Session on the role of Indigenous women in the preservation and transmission of traditional knowledge

  • Itsekiri NextGen Project: 2022 Session 30 Report
  • Topic: July Indigenous Peoples day
  • Date: Saturday 06/08/2022 
  • Volunteers Present: 4
  • Total Number of Attendees: 57
  • Timings: 9:00am – 1:00pm
  • Venue: Former Caravan 4, Aja-Pessu (Pessu Town), Warri
  • Main Topic/Activity: The role of Indigenous women in the preservation and transmission of traditional knowledge
  • Resource Person: Uwala Tedeye/ Eworitsemogha Wyse


Itsekiri NextGen takes it as a duty to mark United Nations day. This makes our participants conversant with certain happenings around the world. In view of this, we focused the 30th session on Indigenous Peoples day, with ‘The role of Indigenous women in preserving and transmitting traditional knowledge as the theme.

Session Delivery

The 30th session began with a movie titled luck. It tells a story of an 18 years old lady who grew up in a foster home and wasn’t lucky with anything. She never wanted her young orphan friend to suffer the same fate. She was determined to find a lucky coin to present to her friend as a gift which will make her lucky throughout her life. This movie was to catch the attention of the participants and get them focused before the session proper.

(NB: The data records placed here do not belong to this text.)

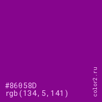Цвет #86058D в цветовой модели RGB обозначается тремя октетами (134, 5, 141) в десятичном формате и #86058D в шестнадцатиричном (hex) формате, которые являются интенсивностью красного 134 (hex 86), интенсивность зелёного 5 (hex 05) и интенсивность синего 141 (hex 8D).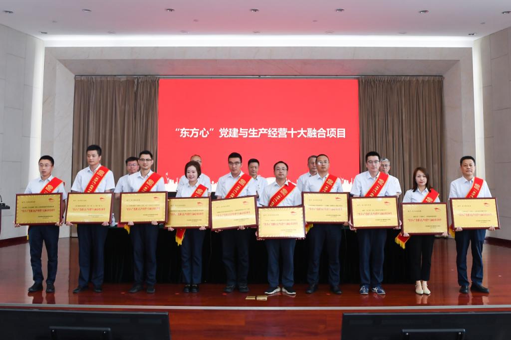 面向黨旗,新黨員代表入黨宣誓,全體參會黨員重溫入黨誓詞。會議發布了《集團公司黨建與生產經營深度融合“四級五步五法”工作導則》,表彰了集團公司“東方心”黨建與生產經營十大融合項目和十大融合模范。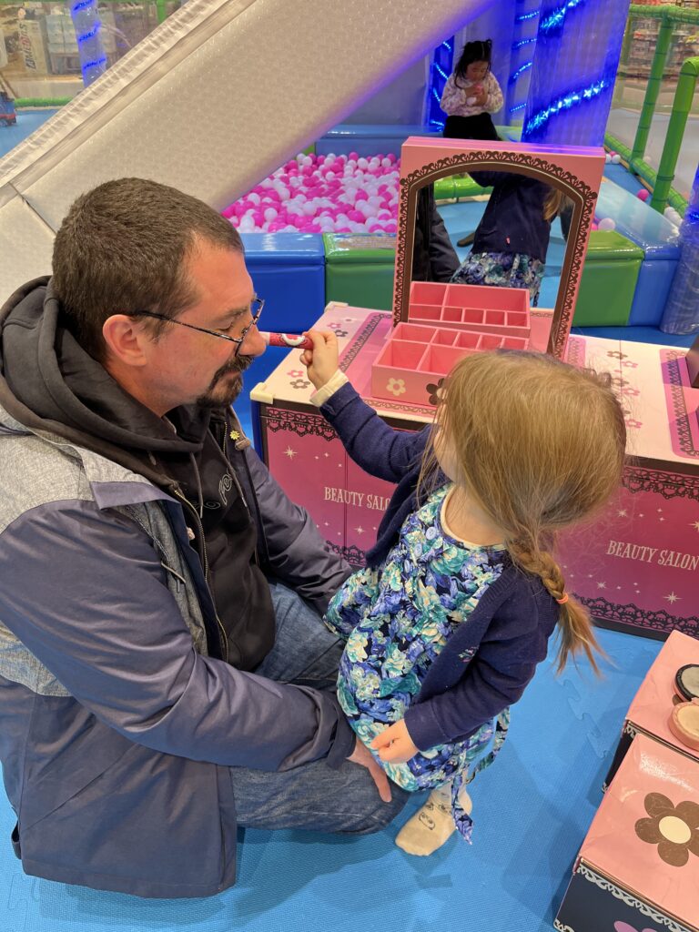 Mim’ a trouvé! Et hop, direction le parc. Certes, c’est dans un centre commercial, mais il y a une fouletitude d’activités pour Cha qui s’amuse bien.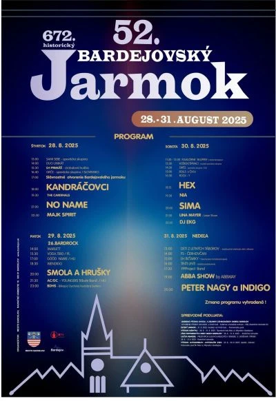 Uličky krásneho starobylého historického mesta na Slovensku v závere augusta opätovne ožijú na štyri dni netradičným ruchom obchodníkov, remeselníkov, umelcov a návštevníkov už 671. ročníka historického a 51. ročníka novodobého Bardejovského jarmoku.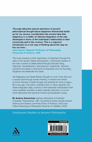 This book presents a fresh exploration of happiness through the ideas of the ancient Greek philosophers. It introduces readers to the main currents of Greek ethical thought (Socratic living, Platonism, Aristotelianism, Epicureanism, Scepticism, Stoicism, Cynicism) and takes a close look at characters such as Socrates, Diogenes and Alexander the Great. Yet Happiness and Greek Ethical Thought is much more than just a casual stroll through ancient thinking. It attempts to show how certain common themes in Greek thought are essential for living a happy life in any age. The author maintains that, in many respects, the Greek integrative ideal, contrary to the hedonistic individualism that many pluralistic societies at least implicitly advocate, is a much richer alternative that warrants honest reconsideration today.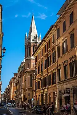 Another of Rome's top shopping streets, it too contains some major fashion boutiques, including Gente, Etro, Emporio Armani and Prada Casual, but also several young designer-wear and knitwear stores, antique shops and jewelers. The street also contains il babuino, one of Rome's speaking fountains (a fountain where several people discuss and voice their political and social ideas). Once, the fountain was covered with political graffiti and different notices, messages and placards, yet, all of this has been removed and anti-graffiti paint has been sprayed around the fountain, since several complained that all the messages and slogans were ruining the appearance of the street. Via del Babuino also contains the Church of England All Saints Church, for Rome's Anglican community. |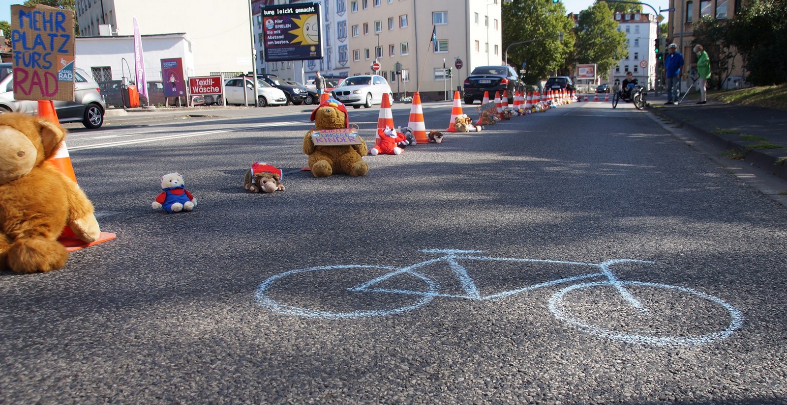 Bei schönstem Radfahr-Wetter startete die Fahrraddemo um 15:00 Uhr am Friedrichsplatz und bahnte sich, angeführt von den jüngsten Teilnehmenden, durch die Kasseler Innenstadt Richtung Unterneustadt bis zum Dorfplatz in Bettenhausen. Das Highlight der rund 7 km langen Radstrecke war die „Teddy-Pop-Up-Bike-Lane“ in der Ysenburgstraße. Hier konnten die Kinder auf einer temporär als Radweg genutzte Straßenspur, gesäumt von Teddybären, fahren.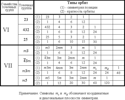 | Примечание. Символы mc и md обозначают координатные и диагональные плоскости симметрии. |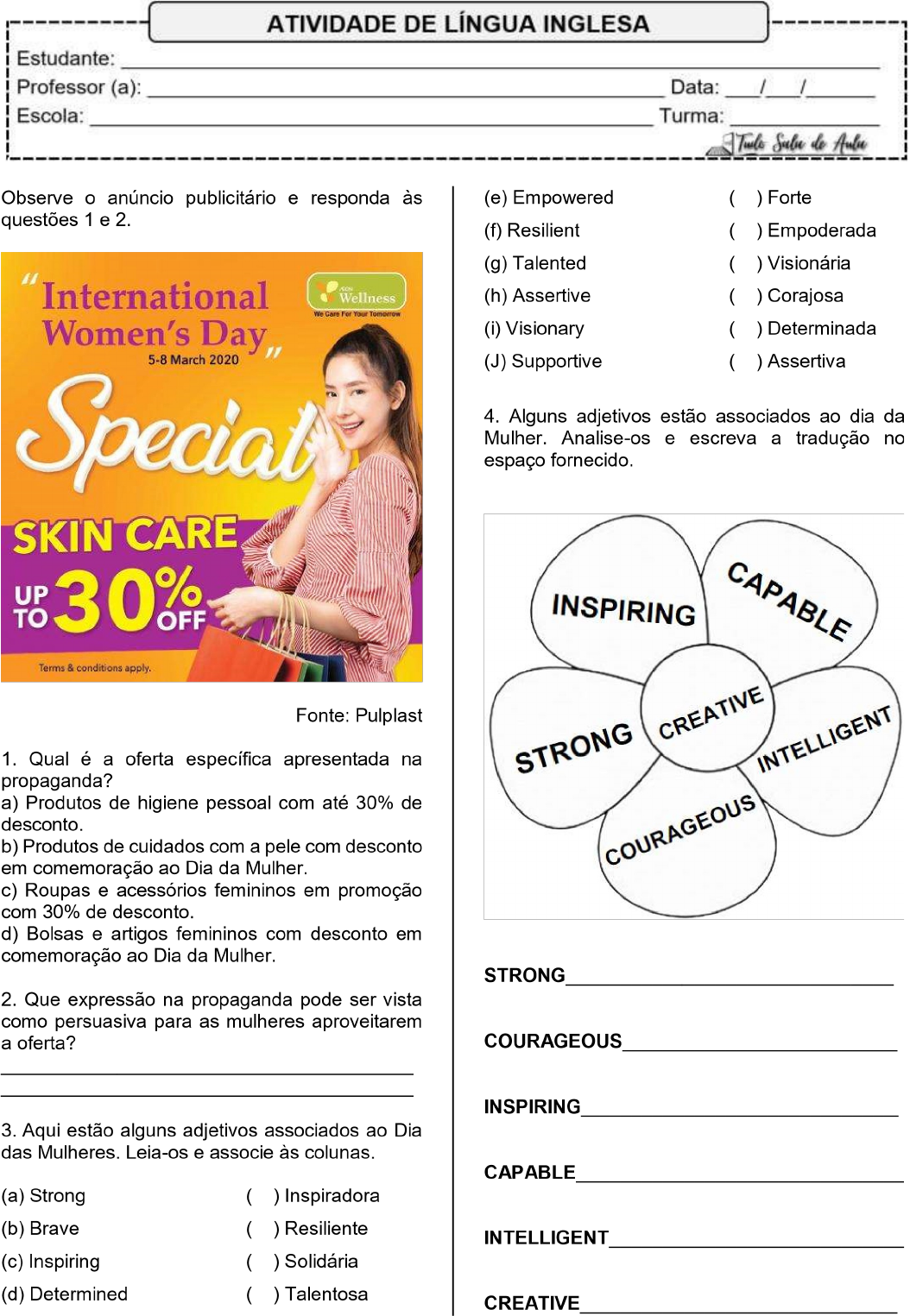 ATIVIDADE DE LÍNGUA INGLESA ALUNO: _________________________________________________________________ TURMA: _________ PROFESSOR: ___________________________________________________________ DATA: ___/___/_____ ESCOLA: _________________________________________________________________________________ 1. A partir da imagem abaixo, em que data o Dia da Mulher é celebrado? Fonte: LiveLaw a) Todo ano. b) 8 de março c) Mensalmente. d) Todo dia Leia o texto e responda às questões 2 e 3. International Women's Day International Women's Day celebrates women's achievements, highlights their struggles for equality, and emphasizes the importance of empowering women globally. It prompts reflection on gender equality issues and calls for solidarity in advocating for women's rights. This day serves as a reminder to strive for a more inclusive and equitable society where women have equal opportunities to thrive. TSA/2024 2. Marque as afirmações que falam do propósito do Dia Internacional da Mulher, de acordo com o texto. ( ) Promover a reflexão sobre questões de igualdade de gênero. ( ) Estabelecer divisões entre homens e mulheres. ( ) Celebrar as conquistas das mulheres. ( ) Destacar as lutas das mulheres por igualdade. 3. Cite alguns aspectos do papel das mulheres na sociedade enfatizados no texto. ____________________________________________________________________________________________________________________________________________________________________________________ Leia o texto e responda às questões 4, 5 e 6. Malala Yousafzai, born on July 12, 1997, in Mingora, Pakistan, rose to prominence as a global symbol of education and girls' rights advocacy. Growing up in the Swat Valley under Taliban rule, Malala defied the oppressive regime by speaking out for the right to education, particularly for girls. Her activism gained international attention when, at the age of 15, she survived an assassination attempt by the Taliban on her way home from school. Malala's unwavering determination and resilience propelled her onto the world stage, leading to numerous accolades, including the Nobel Peace Prize in 2014, making her the youngest Nobel laureate in history. She continues to champion education and social justice, inspiring millions around the world through her memoir "I Am Malala" and her ongoing advocacy efforts. Fonte: Mundo Educação. Adaptado por TSA/2024 4. Qual mulher está sendo retratada na biografia? Escreva também sua nacionalidade e data de nascimento. _______________________________________ _______________________________________ _______________________________________ 5. Como essa personalidade se tornou um símbolo global da defesa da educação e dos direitos das meninas? _______________________________________ _______________________________________ _______________________________________ 6. Que prêmio Malala recebeu em 2014? Por quê? _______________________________________ _______________________________________ _______________________________________ _______________________________________ _______________________________________ image6.jpeg image1.jpg image2.png image3.jpg image4.jpg image5.jpeg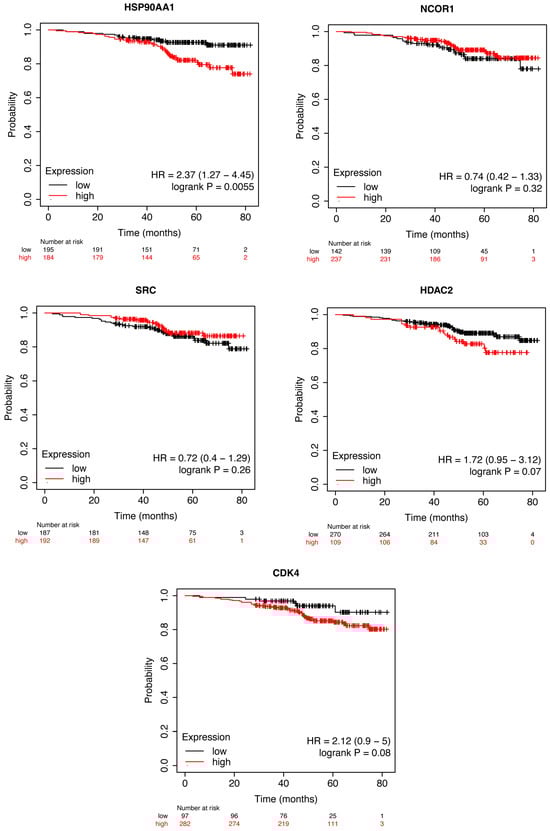 To evaluate if the expressions of HSP90AA1, NCOR, SRC, HDAC2, and CDK4 were associated with overall survival (OS) among HER2+ BC patients, we used the Kaplan–Meier Plotter (https://kmplot.com accessed on 18 January 2024) to perform survival analysis.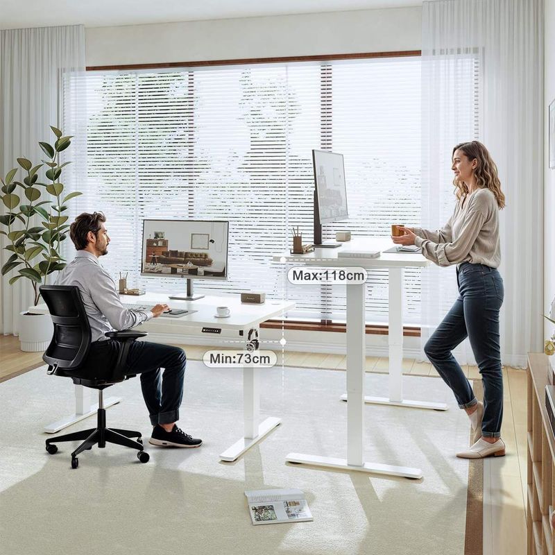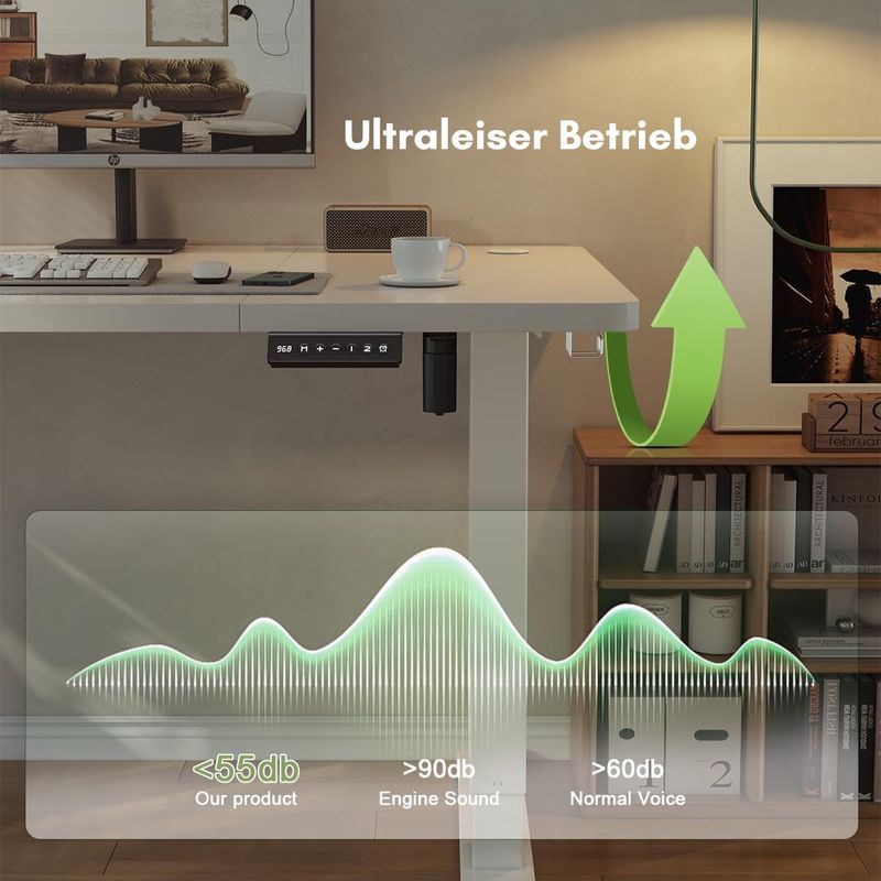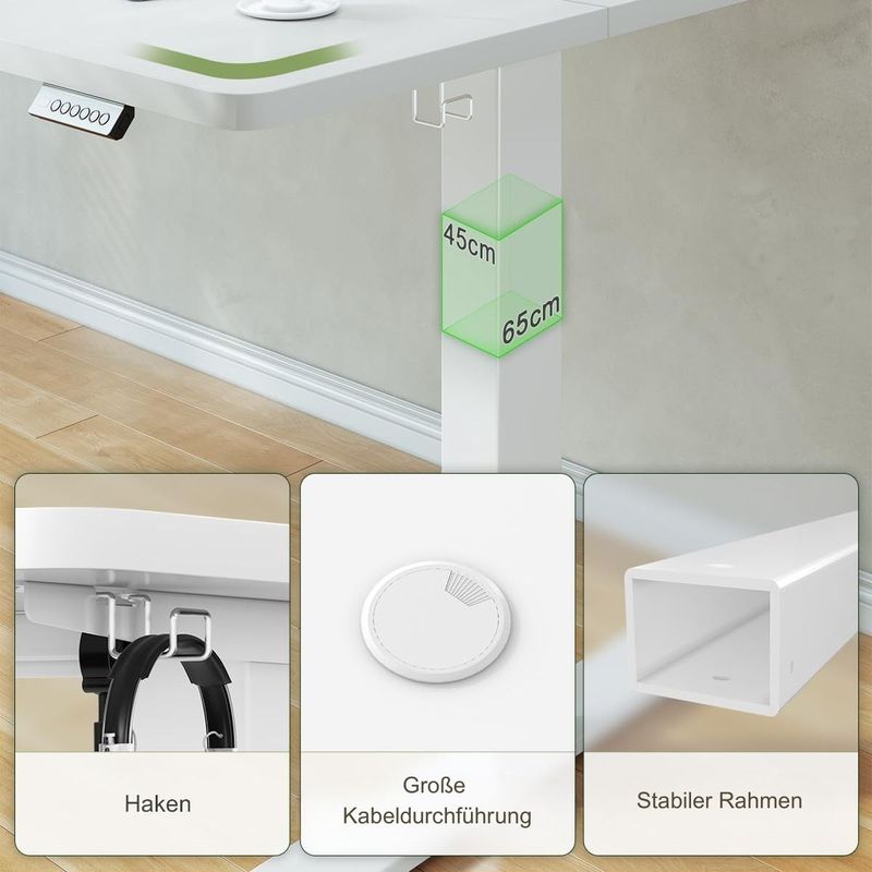 Dieser höhenverstellbare Schreibtisch kombiniert modernes Design mit ergonomischen Funktionen. Das Stehpult lässt sich ca. 73-118 cm in der Höhe verstellen und ermöglicht somit einfachen Wechsel zwischen Sitz- und Stehposition, um Rücken- und Nackenprobleme zu lindern, Konzentration zu fördern und Ermüdung zu reduzieren. Darüber hinaus ist das Bedienpanel mit einer USB-Ladebuchse ausgestattet und verfügt über eine Memory-Funktion, um sich zwei Höhen zu merken. Ein Alarm erinnert Sie an das regelmäßige Wechseln der Position, während der praktische Haken zusätzlichen Komfort bietet. Der Computertisch verfügt über stabile Beine mit einer Tragfähigkeit von bis zu 70 kg, während der leise Motor mit weniger als 50 dB arbeitet.

Prayer was done by the coordinator and the Itsekiri anthem was sung by all. This was followed by introducing the topic as the participants were asked to tell the meaning of preservation and transmission. A boy defined preservation as keeping a thing from getting spoilt, while a girl defined transmission as passing on something to another person.

Indigenous women are the backbone of indigenous peoples’ communities and play a crucial role in preserving and transmitting traditional ancestral knowledge. They have an integral collective and community role as carers of natural resources and keepers of traditional knowledge. Many indigenous women are also taking the lead in defence of indigenous people’s lands and territories and advocating for indigenous peoples’ collective rights worldwide.

Our focus was on the indigenous people of Pessu community which is an Itsekiri community as Itsekiri women are known for preserving traditions. This is evident in their dressing, language, cooking, setting the table, post-natal care e.t.c.

The session was more like a wake-up call to the participants to pay special attention to traditional knowledge from their grandmothers, mothers, aunties e.t.c.

They were made to know some old traditions preserved and transited by women. This sort of information most time can’t be got from the internet and library. Some of this information are not taught in schools.

  • Food like Banga soup is usually served with ewo (native pot) and made dry. The edge of the soup plate should be neat without soup stains likewise the starch or eba plate. It is not ideal for serving food with a broken plate in Itsekiri. The soup must be on the left-hand side and the eba on the right-hand side.
  • To pour out a drink to an elderly person, the ideal way is to hold the glass in the right hand and the bottle of drink in the left hand. The drink is served to the elder with a slightly bended knee. This is done so as not to pass on the drink to the elder with the left hand.
  • It is seen that young Itsekiri ladies can easily render post-natal care to their children, friends, nieces e.t.c. This is a tradition that an Itsekiri woman doesn’t joke with. The herbs needed to tend to the newborn are made available immediately after there is a newborn. They are also good at massaging babies.
  • Past events are also transmitted to the present generation through songs, folklore and verbally. Mothers while in the kitchen putting the children through with their chores tell stories even as they get busy. Events like the crowning of kings, burial ceremonies, marriage ceremony E.t.c.
  • Itsekiri women are good at making esuru (bead), pot making, and traditional medicine and passing on this traditional knowledge to others.
  • Mothers and grandmothers make sure that their children get to speak the Itsekiri language by communicating with them in the Itsekiri language. This preserves the Itsekiri language.

Chief Mrs. Rita Lori Ogbebor is a dogged and active woman who mentors young Itsekiri on different aspects of the Itsekiri tradition. She is a custodian of Itsekiri traditions, as was seen in post-coronation thanksgiving to umalokun (Umale Okun) in August 2022. She wants all Itsekiri sons and daughters to have the love of Itsekiri at heart.

Chief Ugbogbo Ebebe helped to pass on Itsekiri traditions in songs. From her songs, one could deduce what has happened in the past as well as how some traditions ought to be done.

Julie Coker is also an Itsekiri woman who helps preserve and pass on Itsekiri traditions in her kind of music. As she is a musician.

Other key activities during the session 

Some old Itsekiri songs were sung and interpreted, with the participants singing along afterwards.